Eight years in the Marine Corps comes with plenty of certainty: where you’re sleeping, when you’re eating, with whom you’re sharing your living quarters. The progression from Marine to UNLV student comes with it’s own proscriptions: what classes to take, what requirements to satisfy.
So when Bruno Moya, who joined the Marines in 2001 and received his master of sociology degree in May, finally had his paper in hand, it was a bit of a moment.
“The day came when I graduated, and it was, 'Holy crap, I need to get a job,'” Moya said. “My wife was like, ‘Yeah, you do. Can't stay here forever, buddy.'”
He may not stay on campus forever, but as the interim president of the newly formed Rebel Veterans Alumni Club, Moya is staying involved with UNLV well after graduation.
Oct. 13 saw the first official Rebel Veteran Engage Breakfast, a once-per-semester networking event for current and former UNLV vets. About 180 student, alumni, and staff dedicated to veterans services came to the Richard Tam Alumni Center to hear about the opportunities available to veterans in Las Vegas. The initiative is part of the UNLV Alumni Association's efforts to diversify its programming for its increasingly diverse base of graduates.
“If you're a young vet going to school, you could be sitting across the table from an older guy who's a veteran and is now the CEO of a large organization,” said Ross Bryant, director of UNLV's Military and Veteran Services Center, said of the new program. “It's that networking piece that is the critical part.”
For the first breakfast, the Cosmopolitan of Las Vegas’ Doug McCloskey, a U.S. Army veteran and director of IT quality at the resort, offered gathered veterans the chance to connect with parent company Blackstone’s veterans initiative, which aims to hire 100,000 vets by 2022 across all its businesses.
In 2009, UNLV had around 300 veterans on campus.
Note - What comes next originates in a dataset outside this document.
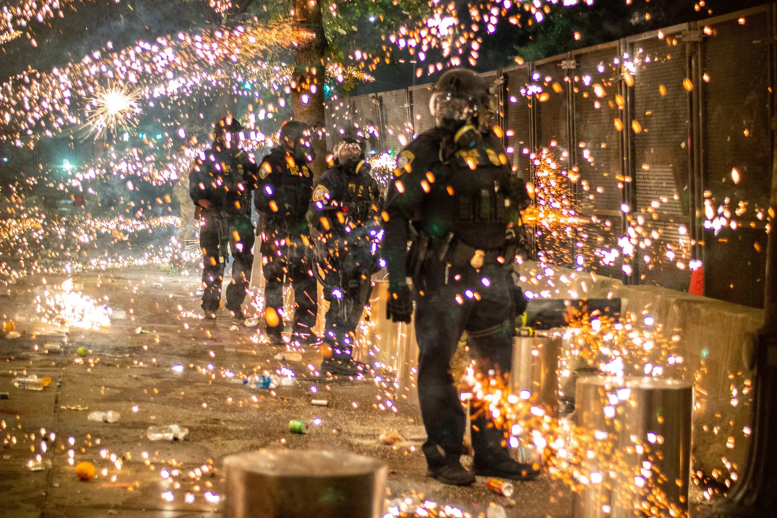 Artillery shell fireworks explode in a shower of sparks around unwavering police officers standing guard outside the Multnomah County Justice Center on July 24, 2020, in Portland, Ore.

That number has increased sixfold today to 1,800, with 955 vets now working in the community.
For veterans like Moya, that work has turned on continuing the mission he started when he was president of the Rebel Vets Club. He currently is a workforce case manager at U.S. Vets, a transitional housing service for veterans.
“I've been able to pick up on what I'm really good at,” Moya said. “What you're good at, you stick with that. What you're not good at, you develop over time. Being a Rebel Vet, doing everything I've done, going out to U.S. vets, I've been able to capitalize on my experiences.”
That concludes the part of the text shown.